Objection!

Existem determinadas séries televisivas que eu não gravo nem compro, mas se estiverem a ser emitidas eu mantenho-me preguiçosamente no sofá a ver. Lei e Ordem é uma dessas séries. No ar há mais de 20 anos, tem de existir algo que mantenha esta série no activo (contando com as variações à série principal como Unidade de Vítimas Especiais e Los Angeles) e esse algo é uma estrutura bem pensada de construção de cada episódio. Na primeira metade, temos as equipas de investigadores a tentar decifrar um crime até encontrarem o suspeito mais provável.
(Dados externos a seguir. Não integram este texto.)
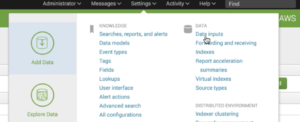 6. Click on Settings and Data inputs on your Splunk UI’s upper right hand corner.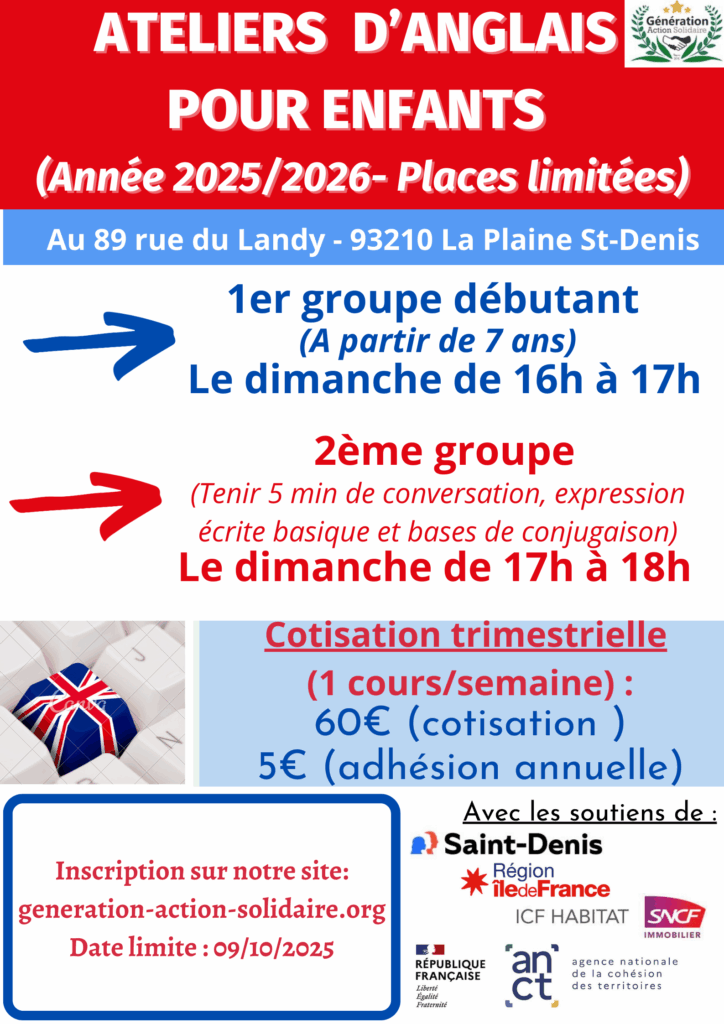Les ateliers d’anglais sont de retour à partir du dimanche 12 octobre 2025.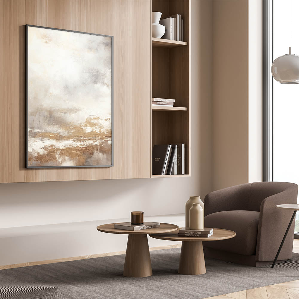 Infuse warmth and texture into your space with this stunning piece of modern abstract wall art, featuring a beautifully textured landscape in rich, earthy tones. The blending of soft browns, creams, and whites creates a serene and inviting atmosphere, perfect for adding depth and character to any room.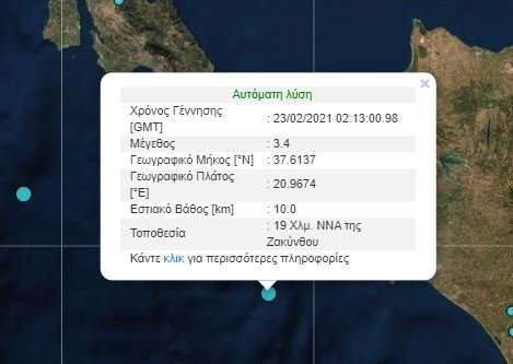 Σεισμός της τάξεως των 3,4 βαθμών της κλίμακας Ρίχτερ, σημειώθηκε τα ξημερώματα νότια της Ζακύνθου.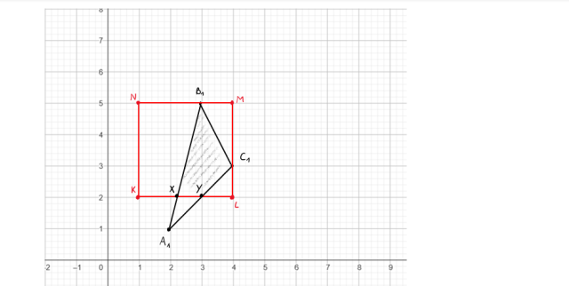 Narysuj daną figurę i oblicz jej pole. Aby to zrobić oblicz pole KLMN i odejmij od niego trzy pola: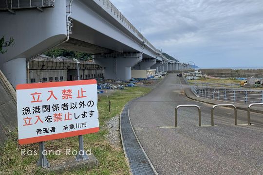 北陸道の桁下が漁具置き場・漁船陸揚保管場になっている。積雪期も安心だ。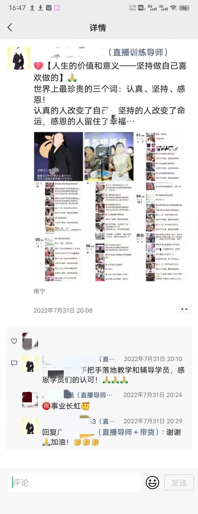 据了解,李某某是该公司一名普通的陪播职员,离职后自行创办公司,且主营业务与前东家基本一致,并夸大其词宣传自己的履历,自封资深直播培训导师,虚构宣传自己“直播场次600多次,培训主播100多次,带领主播团队销售额8千多万,帮助1000名企业家成功转型”,欺骗客户,实则是她是前东家最底层的一名普通职员,为达目的利用前东家的相关业务宣传品和学员图片资料在朋友圈和自媒体大肆宣传来拓展自己的业务,背后诋毁前东家名誉,利用在职期间获得的客户资源和商业机密,怂恿前东家的合作客户以高额回报利诱到自己的新公司进行合作,给前东家造成重大经济损失。

Na segunda metade, temos as equipas legais da Procuradoria Geral a tentarem condenar os acusados em tribunal. Qualquer semelhança com a velocidade da justiça portuguesa é mera coincidência ou mesmo pura fantasia já no domínio do delírio.
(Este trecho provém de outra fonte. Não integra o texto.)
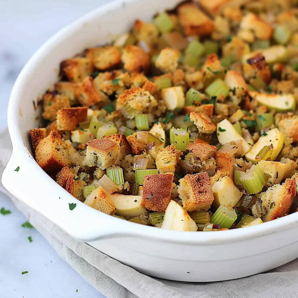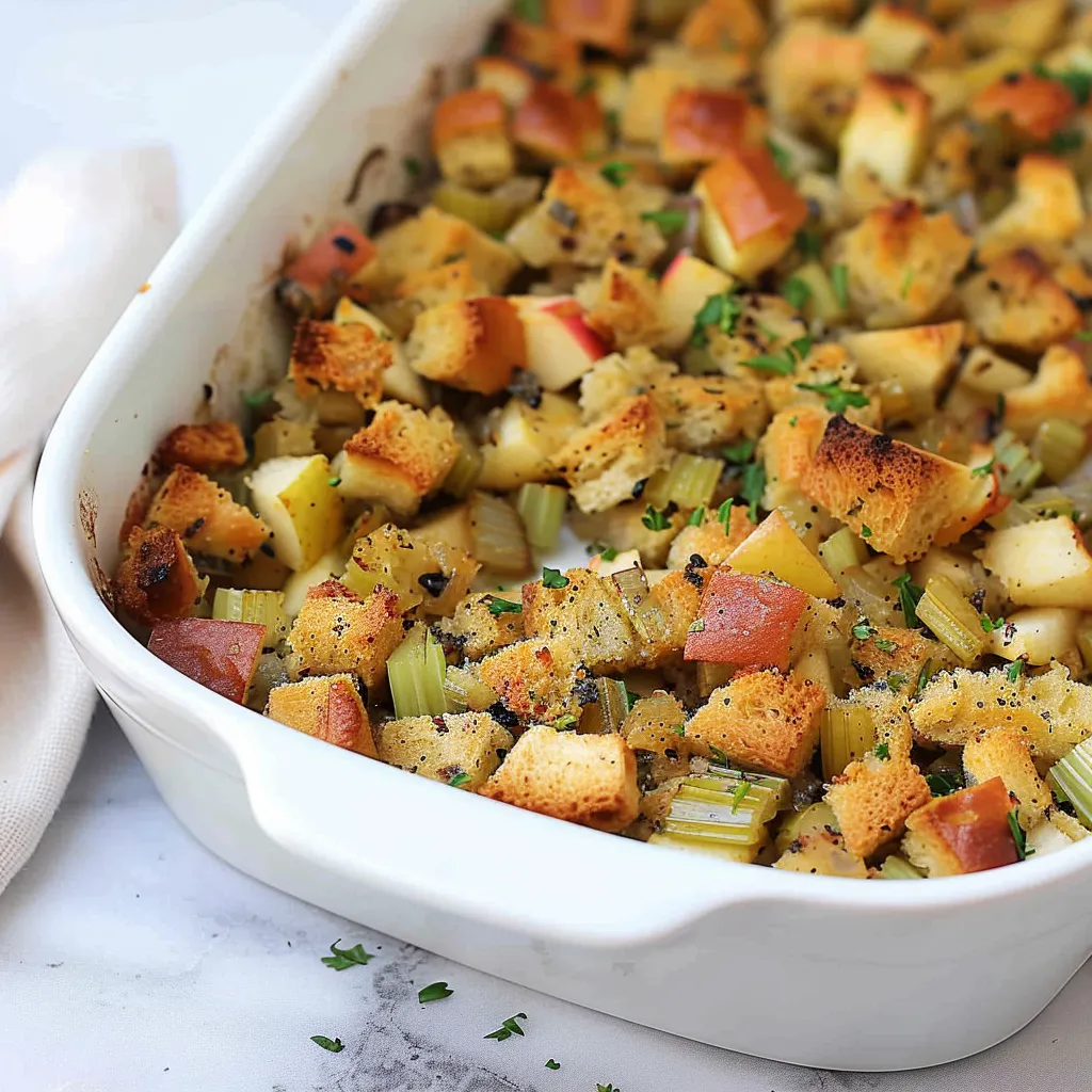 This stuffing is a harmonious blend of sweet and savory flavors that create an inviting taste experience. The apples provide a pleasant sweetness, which brilliantly contrasts with the earthiness of the sautéed onions and celery. The touch of herbs and spices adds layers of complexity without overwhelming any of the core flavors. Imagine sinking your fork into a warm, aromatic dish that makes your taste buds dance—all the while transporting you back to happy gatherings with family and friends.

Caso, não caso, caso, não caso…

 

Foi esta a premissa seguida pela Telltale Games que, após ter começado apostada em fazer renascer os clássicos de aventuras gráficas da Lucas Arts, como Sam & Max e Monkey Island, está cada vez mais apostada nos legados do cinema e agora da televisão, naquela que parece ser claramente a estratégia para o futuro da produtora. A estrutura episódica mantém-se neste Law & Order: Legacies com um total de 7 episódios a serem lançados ao longo do ano. Para esta análise jogámos os Episódios 1, 2 e 3, que são os que estão disponíveis até à data.

Assim como a série, o jogo divide cada episódio em duas partes. Numa primeira parte controlamos a investigação, numa segunda parte controlamos o julgamento como equipa legal da acusação. É aqui que existe um grande desequilíbrio em Law & Order com as secções de tribunal a serem muito mais recompensadoras e lógicas que as secções de investigação. Todos os episódios começam com alguém a descobrir um crime. Uma empregada de hotel assassinada, um homem a esvair-se em sangue à porta de casa, uma prostituta morta num beco. Confesso que existe um ânimo inicial quando aparece aquela que é uma das marcas da série: as letras brancas sobre fundo preto com a legenda do local, acompanhadas pelo som inconfundível (que num momento genial de jornalismo online vamos designar como TAM TAM!) e que vão marcando, assim como na televisão, as mudanças ao longo do episódio. Isto transporta-nos para o universo da série e sentimo-nos a entrar na pele da investigação. Infelizmente, essa sensação perde-se rapidamente quando começamos a interrogar as primeiras pessoas.

Tam Tam!

 

A mecânica de jogo é quase sempre a da pergunta e resposta. Ao longo de uma conversa com as testemunhas ou prováveis suspeitos, vão surgindo vários temas de conversa possíveis. Tudo o que vai sendo dito fica registado num relatório, sempre acessível no campo superior esquerdo. Em determinados momentos o jogo coloca-nos perguntas onde podemos identificar possíveis incongruências ou falsidades nas declarações das personagens. Nesses momentos, temos a possibilidade de contrariar as declarações dos interrogados e é aqui que surge um problema. Temos de justificar o porquê de estarmos a contrariar, baseando-nos em tudo o que já foi dito. Mesmo que em grande parte das nossas respostas tudo possa ser relacionado com o nosso relatório, as possibilidades de escolha variam muitas vezes entre o ilógico ou entre o básico quase infantil e muitas vezes damos por nós a escolher à sorte. Por vezes a conversa flui de uma forma gratificante mas quase sempre é interrompida por um momento que deita tudo a perder. Isto faz com que a nossa envolvência nas sequências de investigação seja tão irregular como a prestação de Ice-T como actor.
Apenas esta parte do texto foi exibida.